That is for sure that nobody is safe from the savagery
About two weeks ago, Holly Willoughby and Phillip Schofield were untouchable — the vanilla pairing of breakfast TV, the froth on your morning late. They may not have ever inspired great excitement and passion, but they have neverthless been quintessential This Morning perfection — the soothing tonic of a cup of tea, not too much milk, a spoonful of sugar if you’re feeling cheeky. For years they have represented saccharine, everyday familarity; a comfort blanket that’s big enough for two. They have been human hot water botles, Holly and Phil. Or, they were. Not anymore.
Now, they are outcasts — bastions of “everything that is wrong with this country”, according to The Angry on social media; “smug, self-satisfied and entitled”. “The wave of disgust is going to be hard to come back from,” one person warned. “Hypocrites,” seethed another. “The #queuejumpers plot thickens,” a journalist tweeted. “Holly and Phil’s names weren’t on the media list, This Morning producers’ names were used instead. ITV say it’s because they didn’t want to give their email addresses to the Palace of Westminster press office.” Dun dun duuun!
Oh, how the mighty have fallen. If this sudden coup de grâce in the wake of “Queuegate” feels disorientating — even disruptive — well, that’s because it is; because it rips at the fabric of what we know and pride and believe about ourselves. The demonisation of the king and queen of This Morning ater they visited Westminster Hall to see Elizabeth II’S coffin without queueing with the general public (they even bypassed the likes of David Beckham and Tilda Swinton, who stood in line like everybody else) — has been intense and vitriolic. Fellow presenters, such as Graham Norton, have shuddered and said they would never have done that. A petition exists calling for them to be “axed” from the daytime show, signed by more than 75,000 people. What a crashing thump for the achingly safe and beloved; for a nation peculiarly soothed by the classic male-female broadcast duo: Richard and Judy, Eamonn and Ruth, Susanna and Ed, Holly and Phil.

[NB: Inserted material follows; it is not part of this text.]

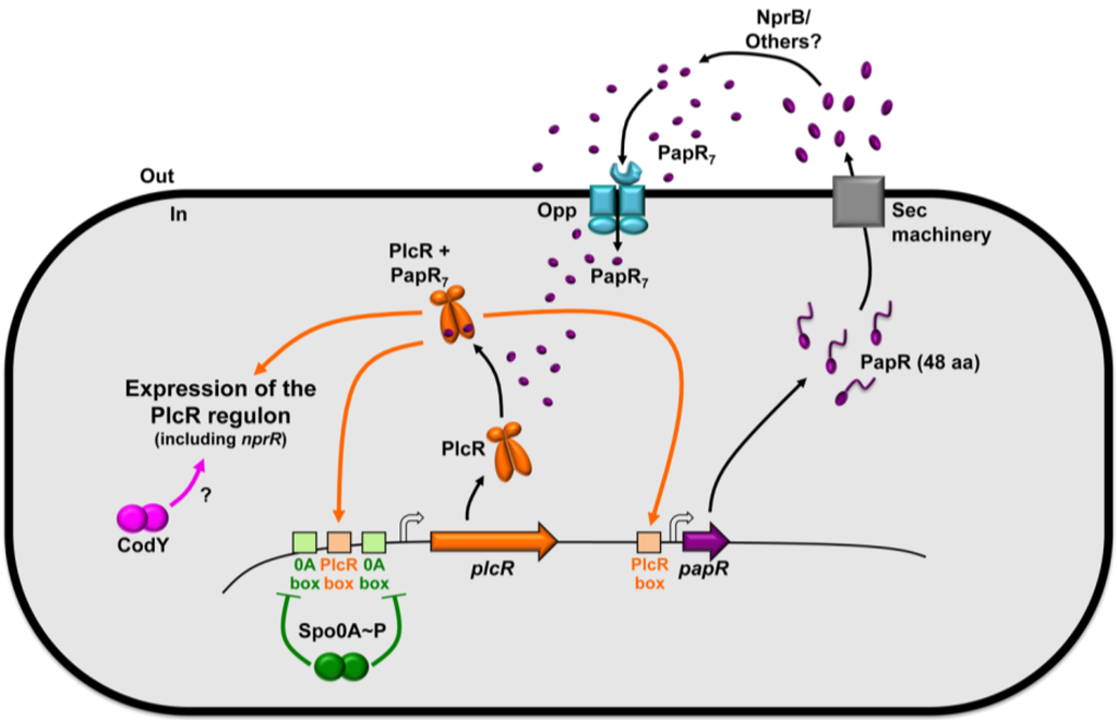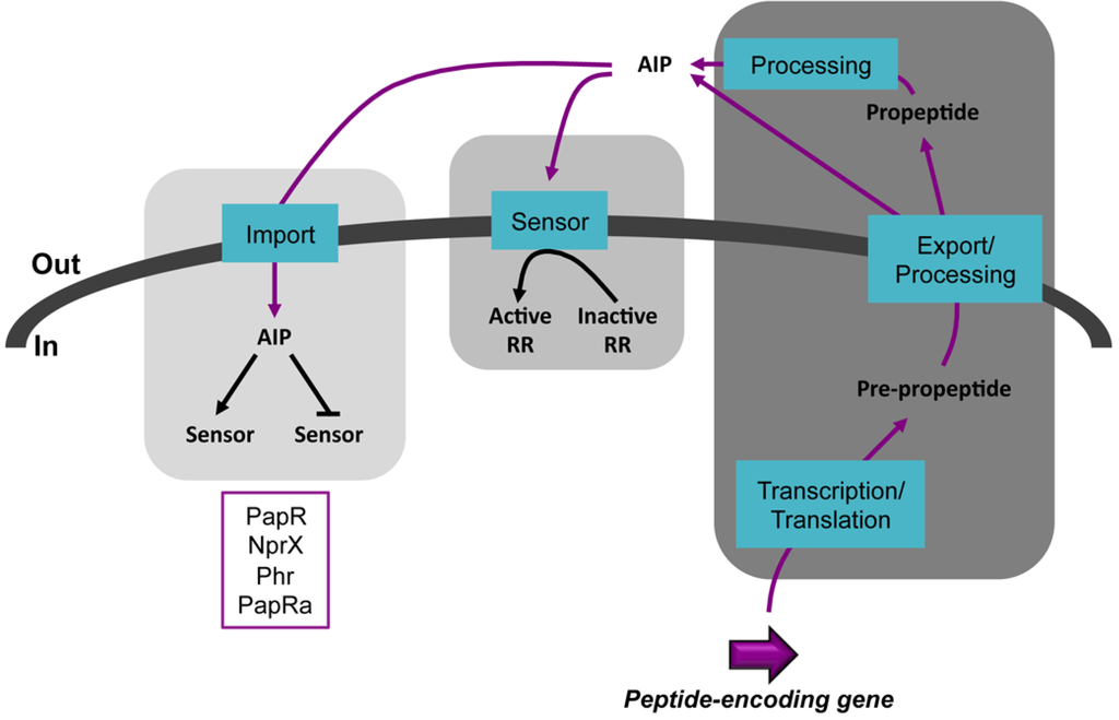 - Perego, M. Forty years in the making: Understanding the molecular mechanism of peptide regulation in bacterial development. PLoS Biol. 2013, 11, e1001516. [Google Scholar] [CrossRef]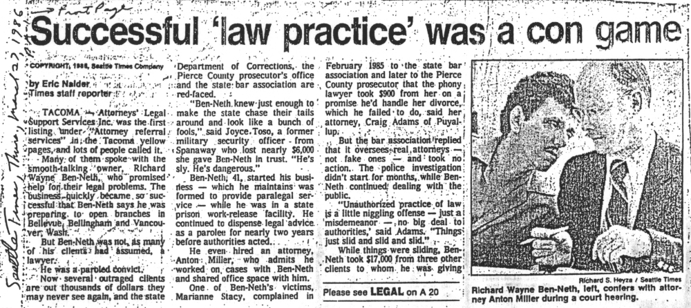 But Ben-Neth was not, as many of his clients had assumed, a lawyer. He was a paroled convict. Now several outraged clients are out thousands of dollars they may never see again, and the state Department of Corrections, the Pierce County prosecutor’s office and the state bar association are red-faced.

They hitherto contained all of the just-right ingredients, from Holly’s high-watage grin to “The Schofe’s” cheeky twinkle (and occasional foray into controversy — for every television pairing seems to have a slightly problematic dad vibe to it, too). Still, Holly and Phil have been essential to the way Britain functions as a nation: they are the delayed trains we love to complain about, the moans when you can’t get a GP appointment. They are #Overheardatwaitrose and they are going round to your nan’s and taking a Bourbon biscuit from the tin. They are Very British Problems, and they are — more than anything — a good, old-fashioned queue. They are living proof that that which defines us can ultimately prove our undoing.
For what this shows — above all else — is that if this can happen to Holly and Phil, this can happen to anyone. Nobody is safe from savagery. It is everything Jon Ronson warned us about when he wrote So You’ve Been Publicly Shamed.
ITV has backpeddled since Queuegate, tried to exert damage-control. Holly told the world she and TV husband Phil were given official permission to skip the queue to visit the hall “like hundreds of accredited broadcasters and journalists, strictly for the purposes of reporting on the event for millions of people in the UK who haven’t been able to visit Westminster in person”. It didn’t work. The ire grew. Then, last Tuesday, the disgraced pair addressed the issue live on the programme, with Holly reduced to pleading with the audience: “Please know that we would never jump a queue. We of course respected those rules, however we realise it may have looked like something else and therefore totally understand the reaction.”
Now, there are questions over whether their names were ever on the “media list” at all.